Dataset records Start Marker

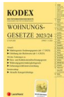
KODEX Wohnungsgesetze 2023/24 - inkl. App Ladenpreis: 59,00EUR
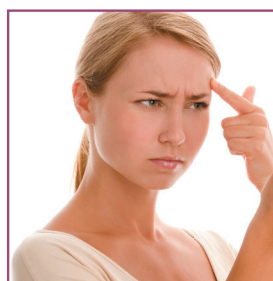
ACNÉ LOIN AVEC ELLE
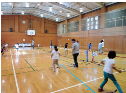
大森地区会場 親子でぶらっとテニス体験
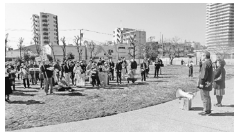
渋江公園での集会

えが続きました。今年も、消費税10%、軽減税率、インボイスと税に関する新たな制度が導入されています。これらを中止するための運動を強化していくというこ
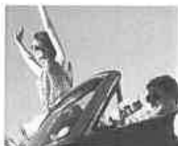
Con Genertel Risparmi fino al 50% sulla tua RCA. Scopri come
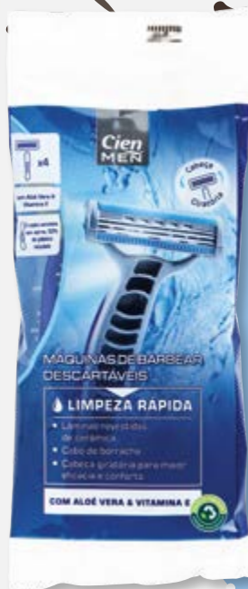
Cien® Lâminas Triplas Descartáveis n°132140

Falar de beleza inteligente é falar também, e cada vez mais, de beleza masculina. Uma beleza que se pede prática, rápida e de máxima eficiência. E como a pele do rosto do homem é mais sensível, a Cien Men garante produtos delicados , que respeitam a pele e oferecem cuidados profundos .
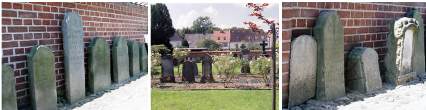
Friedrichstadt - Mennonitenfriedhof

Omdat de Mennonieten goede kooplui waren, schonk hertog Friedrich hen in 1623 het privilege zich in Friedrichstadt te vestigen.
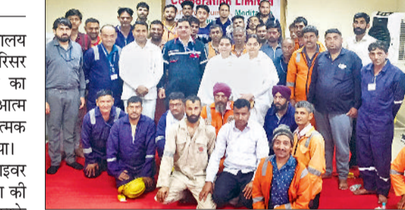
बहादुरगढ़। कार्यक्रम में ब्रह्माकुमारी टीम के साथ प्लांट के कर्मचारी व ट्रक ऑपरटर।

प्रजापिता ब्रह्माकुमारी ईश्वरीय विश्व विद्यालय द्वारा आसौदा स्थित एचपीसीएल प्लांट परिसर में ट्रक चालकों के लिए कार्यशाला का आयोजन किया गया। चालकों को आत्म शक्ति, मानसिक शक्ति और सकारात्मक जीवन शैली के बारे में मार्गदर्शन दिया गया।
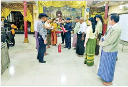
ခေတ္တနာခိုနေရာစီစဉ်ဆောင်ရွက်ပေးရန် ကိစ္စရပ်များအတွက်

ရန်ကုန် ဒီဇင်ဘာ ၂၅ ရန်ကုန်တိုင်းဒေသကြီး မင်္ဂလာတောင်ညွန့် မြို့နယ်အတွင်းရှိ မဲရုံများတွင် မဲဆန္ဒရှင်ပြည်သူများ ဘေးကင်းလုံခြုံစွာ ဆန္ဒမဲပေးနိုင်ရေးအတွက် တာဝန်ရှိသူများက ဒီဇင်ဘာ ၂၄ ရက် နံနက်ပိုင်းတွင် ကြည့်ရှုစစ်ဆေးခဲ့သည်။
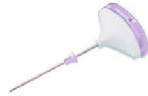
เข็มเจาะไขกระดูก (Strylab Bone Marrow)
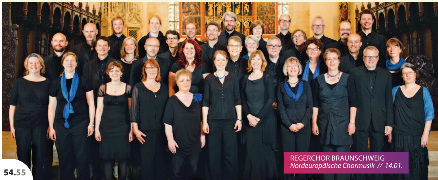
REGERCHOR BRAUNSCHWEIG Nordeuropäische Chormusik // 14.01.
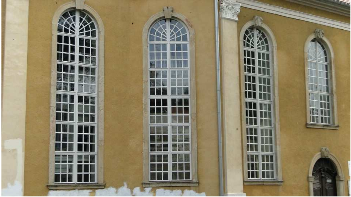
Südseite Schiff nach Fensterrestaurierung Etappe 1, 2011
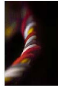
TRANSMISSION, SEK 3 000. Upplaga: 20.
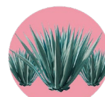
Agave inulin Inulina de agave
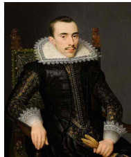
<그림 53> Portret van een man

바로크 후기, 절대왕정 시기에는 왕권을 감각적인 이미지로 표상화 하려는 시도에 중점을 두었다. 이러한 이유로 절대왕정은 사람들에게 감동을 주는 시각적인 보임세에 치중했으며, 이를 실현하기 위해 건축과 더불어 복식은 적절한 수단이 되었다. 귀족들 또한 자신들의 지위를 과시하기 위한 방법으로 왕정에서 착용하던 가발을 착용하기 시작하였으며, 머리가 길어짐에 따라 바로크 시대 초기에 유행하던 폴링 칼라 대신 루이 14세 시대부터 크라바트를 착용하기 시작하였다.
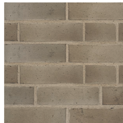
Rovigo 240 x 115 x 71 mm

Hier sehen Sie insgesamt fünf Farbvarianten der Recyclingklinker mit Sägeschlamm als Sekundärrohstoff. Wie bei all unseren Produkten können individuelle Farben und Formate auf Kundenwunsch hergestellt werden.

Dataset records End Marker

**Task item**. In the data above, find the line containing "Südseite Schiff nach" and the line containing "Rovigo 240 x 115 x 71 mm". Copy exactly the stretch from the first through the second, both included, leaving out any picture.

**Reply to the exercise**.
Südseite Schiff nach Fensterrestaurierung Etappe 1, 2011
TRANSMISSION, SEK 3 000. Upplaga: 20.
Agave inulin Inulina de agave
<그림 53> Portret van een man

바로크 후기, 절대왕정 시기에는 왕권을 감각적인 이미지로 표상화 하려는 시도에 중점을 두었다. 이러한 이유로 절대왕정은 사람들에게 감동을 주는 시각적인 보임세에 치중했으며, 이를 실현하기 위해 건축과 더불어 복식은 적절한 수단이 되었다. 귀족들 또한 자신들의 지위를 과시하기 위한 방법으로 왕정에서 착용하던 가발을 착용하기 시작하였으며, 머리가 길어짐에 따라 바로크 시대 초기에 유행하던 폴링 칼라 대신 루이 14세 시대부터 크라바트를 착용하기 시작하였다.
Rovigo 240 x 115 x 71 mm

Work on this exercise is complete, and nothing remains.